Task directions →
All of the data should be given again word for word, though the images are to be left out.

Provided material →
--- START ---

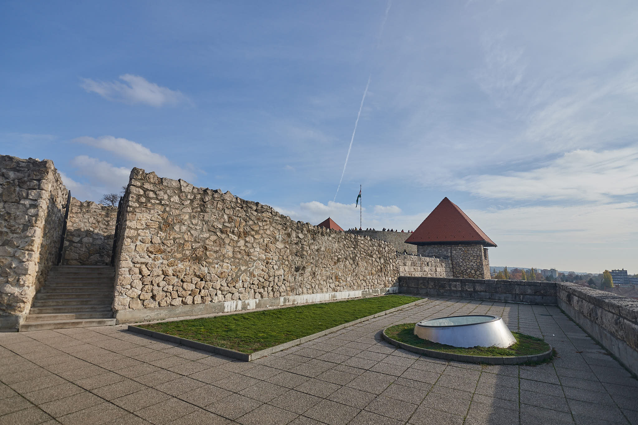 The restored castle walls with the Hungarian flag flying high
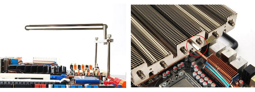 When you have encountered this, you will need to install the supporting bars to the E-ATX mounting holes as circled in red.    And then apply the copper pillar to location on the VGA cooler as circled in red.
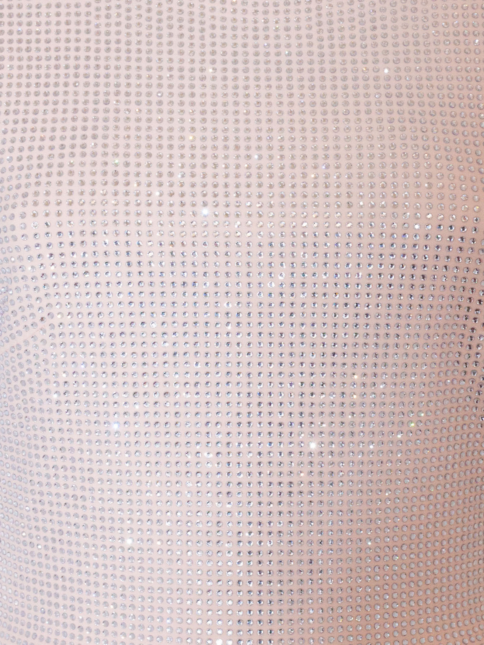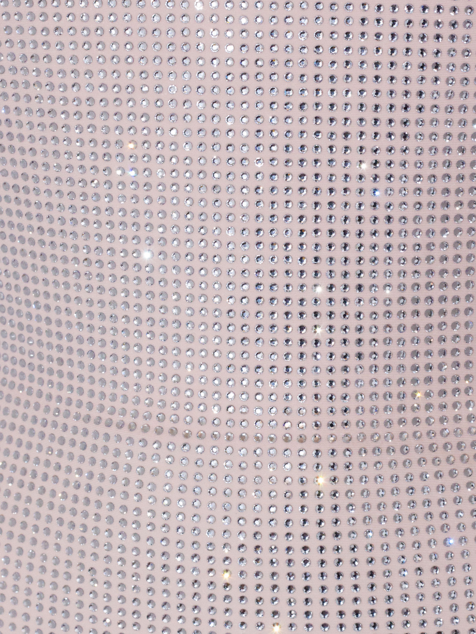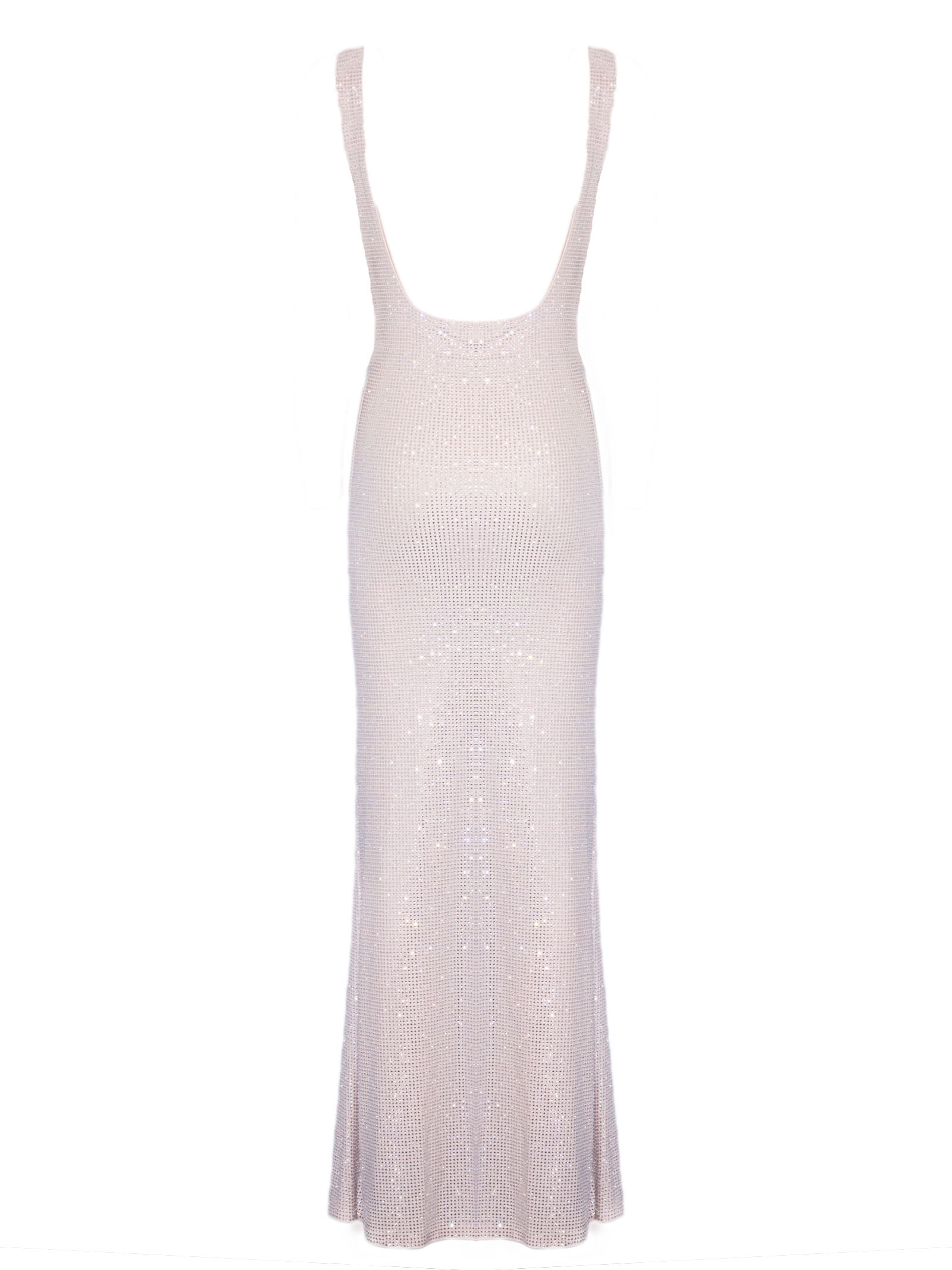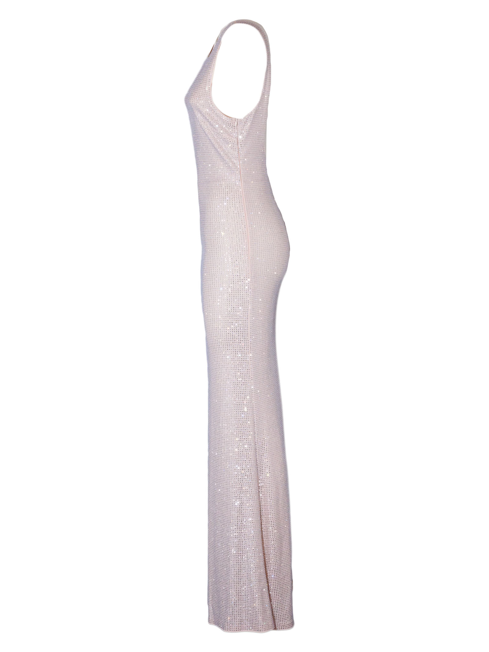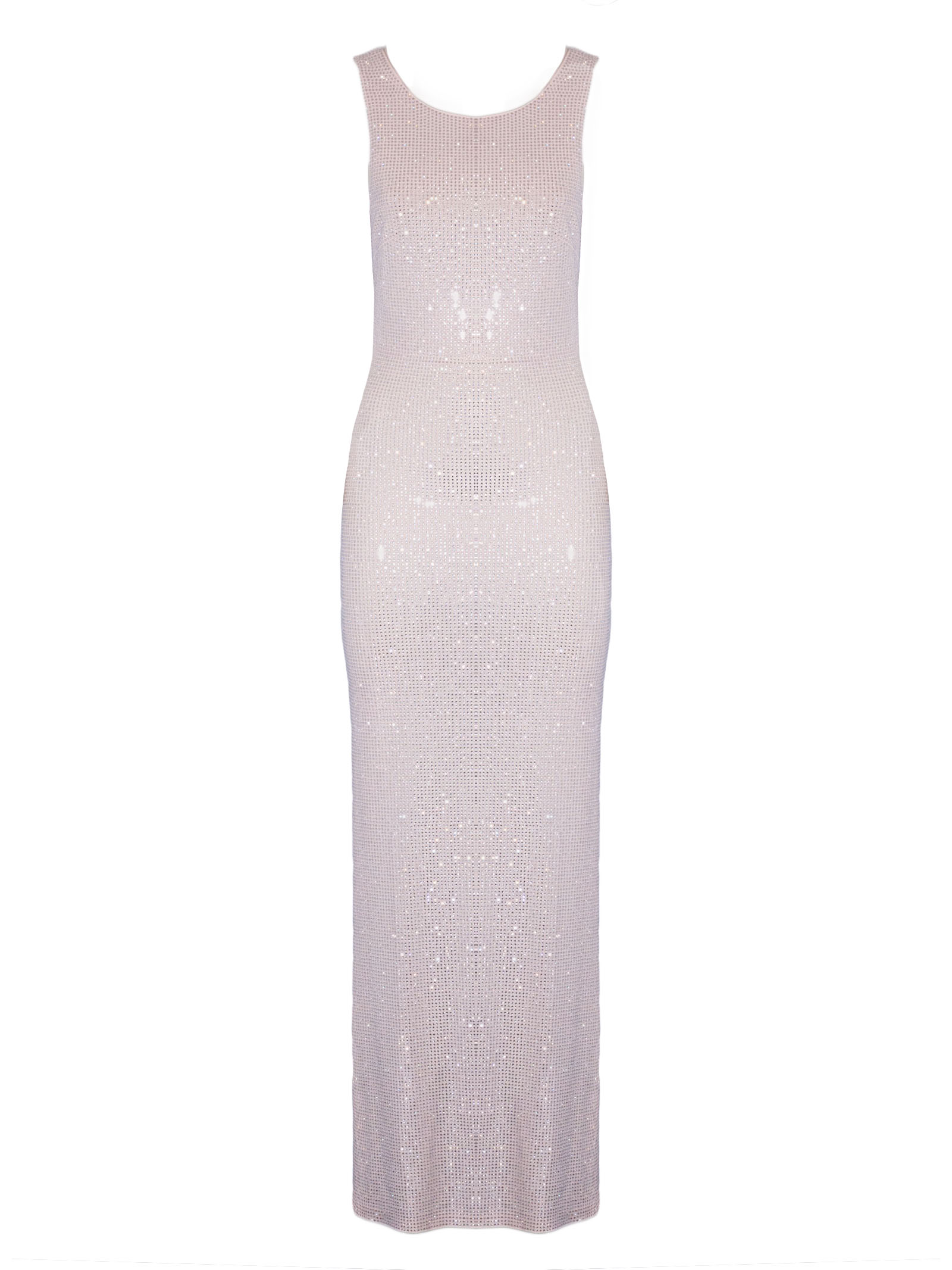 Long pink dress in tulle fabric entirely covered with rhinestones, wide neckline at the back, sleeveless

--- END ---

Answer section →
 The restored castle walls with the Hungarian flag flying high
 When you have encountered this, you will need to install the supporting bars to the E-ATX mounting holes as circled in red.    And then apply the copper pillar to location on the VGA cooler as circled in red.
 Long pink dress in tulle fabric entirely covered with rhinestones, wide neckline at the back, sleeveless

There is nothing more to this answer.